*What is being asked*: Reproduce the lines below exactly, from the one containing "ディズニー正規品 漫画柄10色ボールペン クリエイティブで可愛い学生文具" through the one containing "PNP NPN High", both included. Leave out any pictures.

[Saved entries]
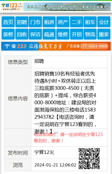 招聘销售10名有经验者优先待遇8小时+双休转正以后上三险底薪3000-4500(无责的底薪)+提成,综合薪资4000-8000地址:建设局的对面渤海保险的三楼电话15832943782 【电话咨询时,请一定说明在宁晋123看到的,谢谢!】 |
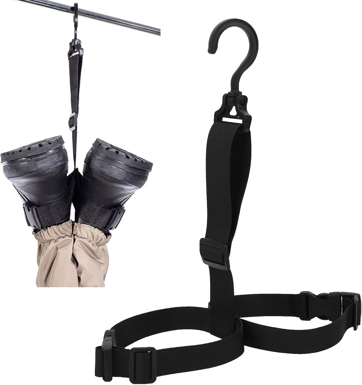 【互換品】調整可能 ウェーダーブーツハンガー黒強力 耐摩耗性レインブーツ乾燥機ストラップウェビングウェ
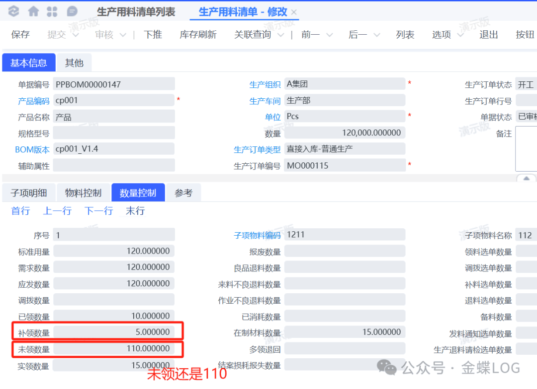 ①生产领料单发的是计划内的需求,也就是用料清单的应发数量;领料单在审核之后会反写用料清单的【已领数量】字段,并且会扣减【未领数量】字段
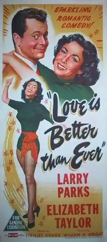 Love Is Better Than Ever is a 1952 American romantic comedy film directed by Stanley Donen from a screenplay by Ruth Brooks Flippen, starring Larry Parks and Elizabeth Taylor. The plot concerns a small-town girl who falls in love with a big-city talent agent.[2]
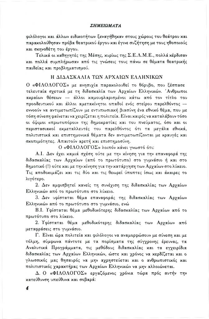 (ανυπόγραφο), «Σημειώματα. Η διδασκαλία των αρχαίων ελληνικών», Φιλόλογος, τχ. 35 (Άνοιξη 1984), σ. 4-5
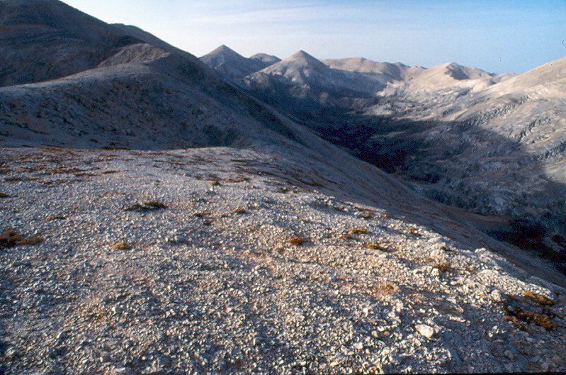 Hier befinden wir uns schon auf rund 2000 m, mitten in der "Hohen Wüste", wo wir unseren Aufstieg zum Pachnes, mit 2453 m der höchste Gipfel des Lefka-Ori-Massivs beginnen.
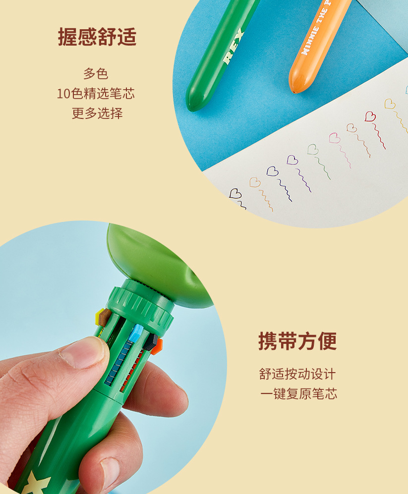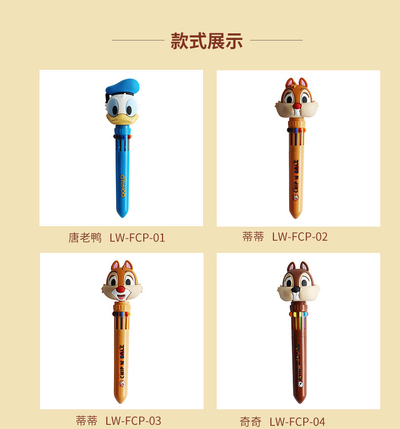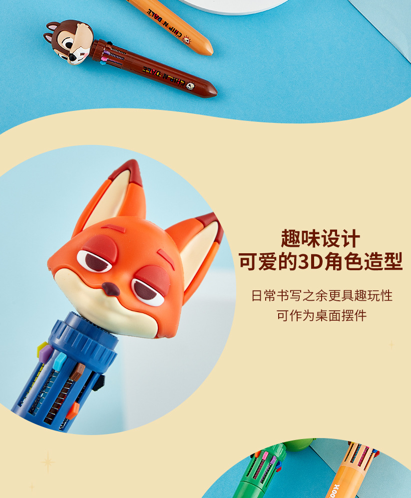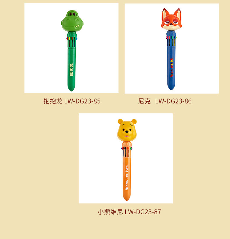 ディズニー正規品 漫画柄10色ボールペン クリエイティブで可愛い学生文具 多色プッシュペン 子供へのプレゼント
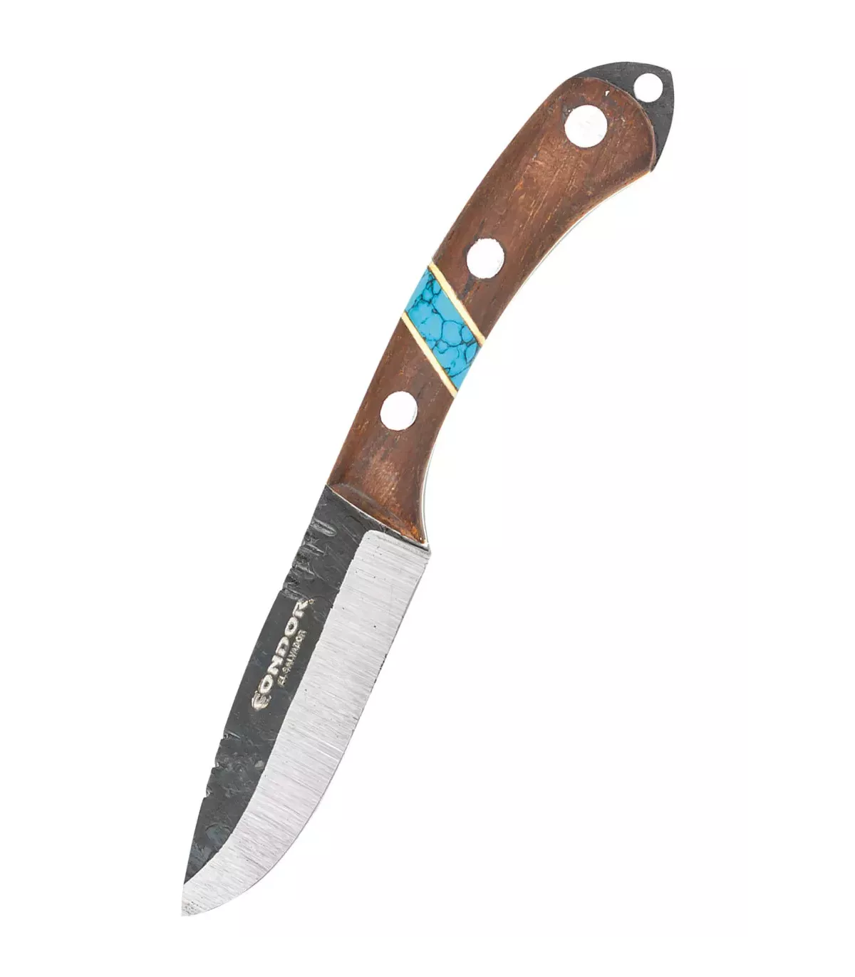 Mit einer Gesamtlänge von etwa 12,7 cm und einer Klingenlänge von etwa 5,9 cm ist das Blue River Neck Knife einfach überall mitnehmbar. Der Nussbaumgriff mit türkisfarbenen Steinelementen verleiht dem Messer einen einzigartigen indianischen Charakter.
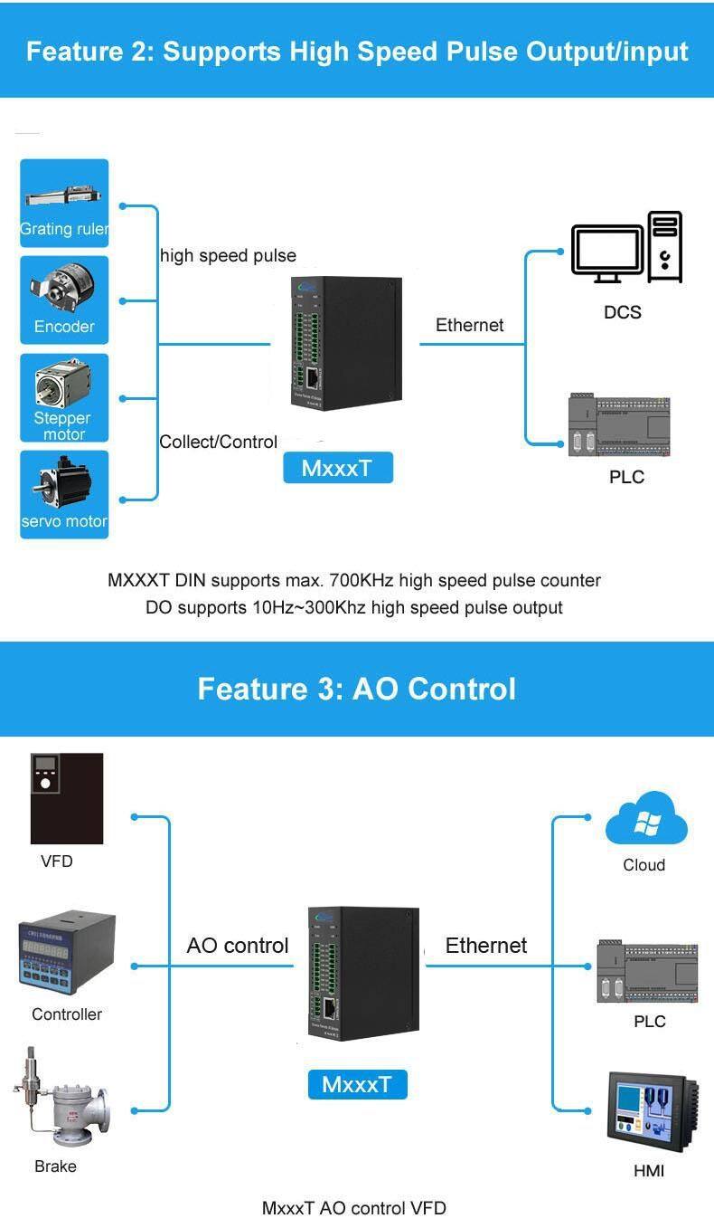 PNP NPN High Pulse Output Supports Modbus TCP MQTT SNMP PLC Expansion I/O Module
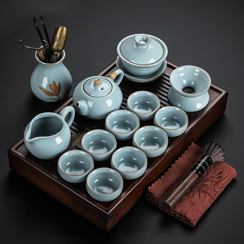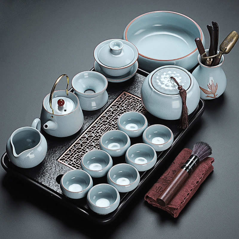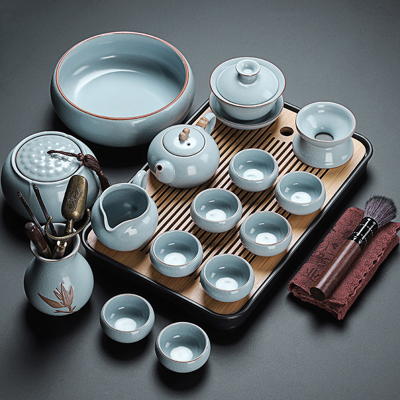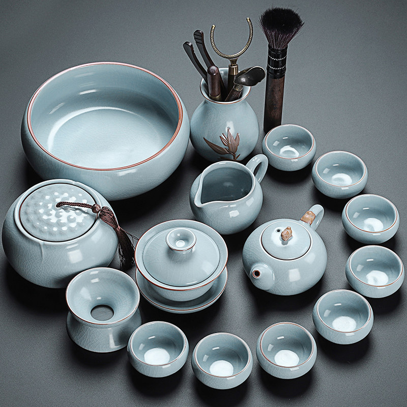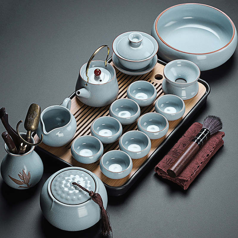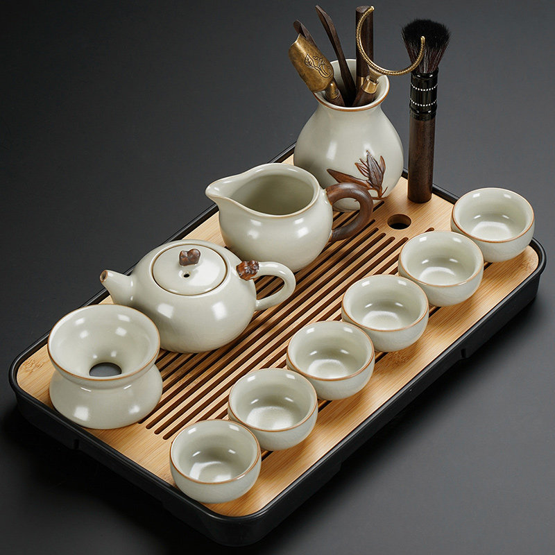 beige ru ware hometown lucky pot tureen eight cups with tea ceremony tea warehouse tea basin 15-piece set
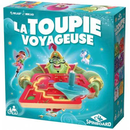 LA TOUPIE VOYAGEUSE est un jeu solo ou coopératif pour tout âge dès 6 ans. Chaque mission représente un parcours que les joueurs vont devoir effectuer avec une toupie en la passant d’un plateau à un autre. Ils représentent 8 mondes merveilleux en relief avec plusieurs cibles. Au début de chaque mission, les joueurs identifient ensemble les cibles à atteindre et se répartissent les plateaux indiqués. Le premier joueur lance la toupie avec l’aide du propulseur et la déplace en inclinant son plateau pour la diriger vers sa cible. Une fois la cible atteinte, le joueur guide la toupie vers la sortie pour la faire passer sur le plateau tenu par le joueur suivant. La dynamique de relais entre les joueurs se poursuit ainsi jusqu’à la réalisation complète de la mission. La difficulté des défis s’accroit progressivement. Des trophées autocollants permettent de valider chaque mission réussie !
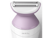 Le rasoir féminin Ladyshave Série 6000 de Philips de couleur blanche et lilas a été conçu pour offrir un rasage confortable et précis, que ce soit sur peau sèche ou humide. Cet appareil est doté d'un manche ergonomique pour une prise en main confortable pendant le rasage.

*Result for this task*:
 ディズニー正規品 漫画柄10色ボールペン クリエイティブで可愛い学生文具 多色プッシュペン 子供へのプレゼント
 Mit einer Gesamtlänge von etwa 12,7 cm und einer Klingenlänge von etwa 5,9 cm ist das Blue River Neck Knife einfach überall mitnehmbar. Der Nussbaumgriff mit türkisfarbenen Steinelementen verleiht dem Messer einen einzigartigen indianischen Charakter.
 PNP NPN High Pulse Output Supports Modbus TCP MQTT SNMP PLC Expansion I/O Module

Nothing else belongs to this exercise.